Был тот день солнечным, июльским, и Пашка улыбнулся ему.


Дышкин-один и Глебов собрались быстро. Второго Дышкина и Буршилова оставили в лагере — мало ли как могло повернуться, вдруг они ошиблись и тот или те прячутся где-то неподалеку. Перед уходом Дышкин-один отвел брата в сторону и что-то недолго говорил, тот в ответ только кивал. Глебов взял с собой топорик, а Дышкин-один достал из рюкзака разобранную мелкашку, быстро сложил ее и сразу зарядил.

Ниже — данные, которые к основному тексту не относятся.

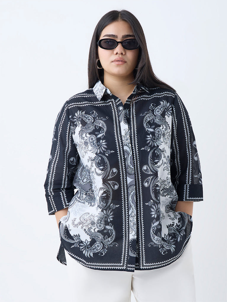 Effortless charm meets timeless detail in this black shirt from Gia, adorned with delicate paisley motifs. Spun from pure cotton for elevated comfort, it features a classic collar that flows into a button placket, while three-quarter sleeves lend a polished finish.
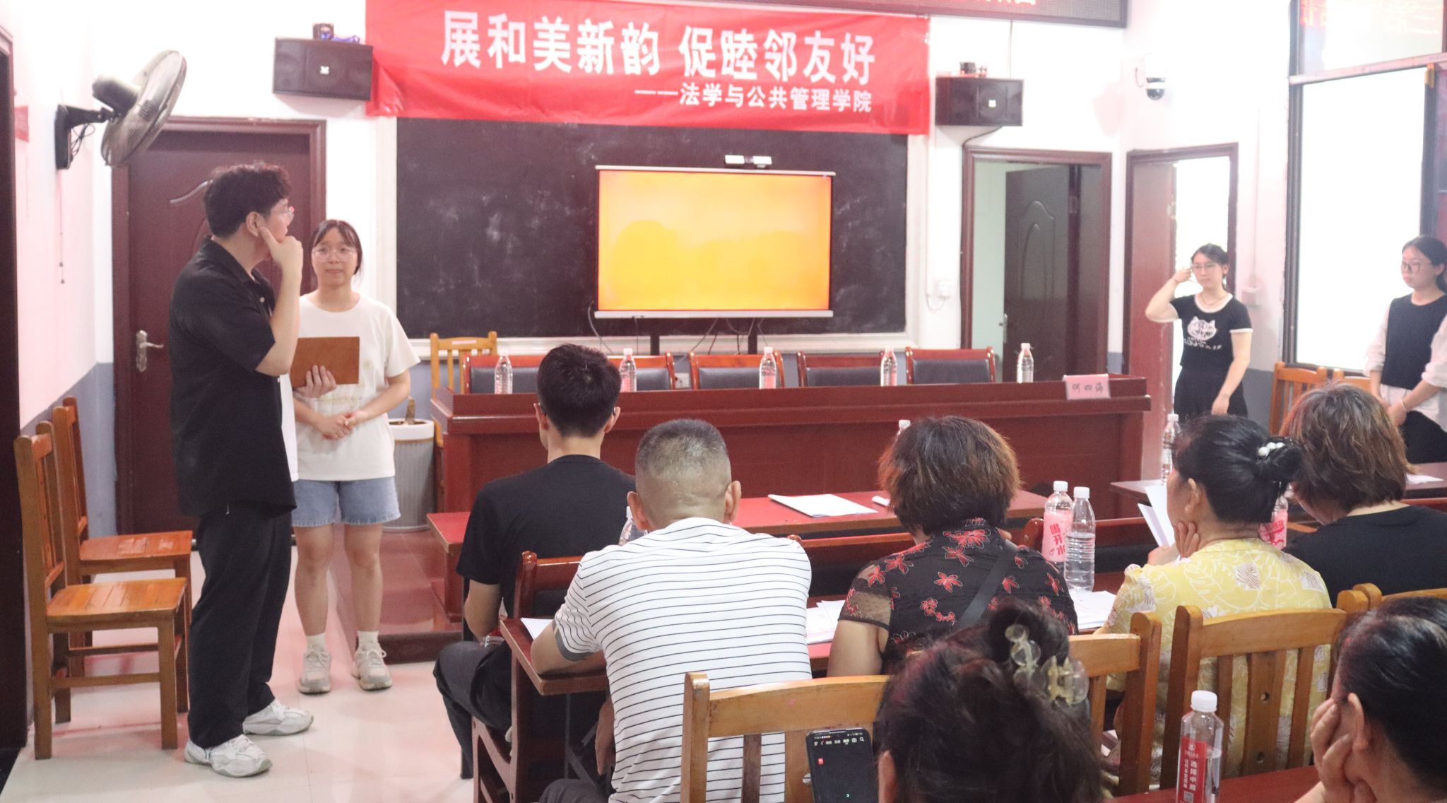 活动伊始,师生代表们在村部大会议室组织与江口村干部进行了座谈交流,详细了解了村庄的发展现状和未来规划。法学与公共管理学院党政负责人何四海主持此次会议,他指出调解是乡村解纷的一项重要手段,对维护乡村和谐稳定具有不可替代的作用。学院将与各位村民一道,共同推进江口村的乡村治理,让法治精神深入人心,让睦邻友好的氛围在江口村传得更广。

Дышкин-два проводил их до ручья, постоял, прислушиваясь, но дождь скоро размыл фигуры и звуки шагов. Остались только дождь, шорох его в листьях, на траве, и белесый рассвет. Дышкину на миг показалось, что он совершенно один в этом мире, и он стал торопливо подниматься на пригорок, к палатке.


… Пуля прошла свой короткий путь, испарила несколько дождинок и вошла чуть выше прожженной в телогрейке дырки. Это он представил себе за мгновение до того, как нажать на спусковой крючок. И не выдержал — глянул парню в лицо. Хотел его увидеть, уловить выражение глаз, исказившиеся губы, увидеть то, что испытывает человек, когда ему в грудь входит пуля…  И тогда уже не смог нажать на спусковой крючок. Перед ним было лицо человека, живое лицо, и он успел представить, что этот человек будет мертвым и никогда уже не заговорит, не встанет, даже не шевельнет рукой. Палец его застыл…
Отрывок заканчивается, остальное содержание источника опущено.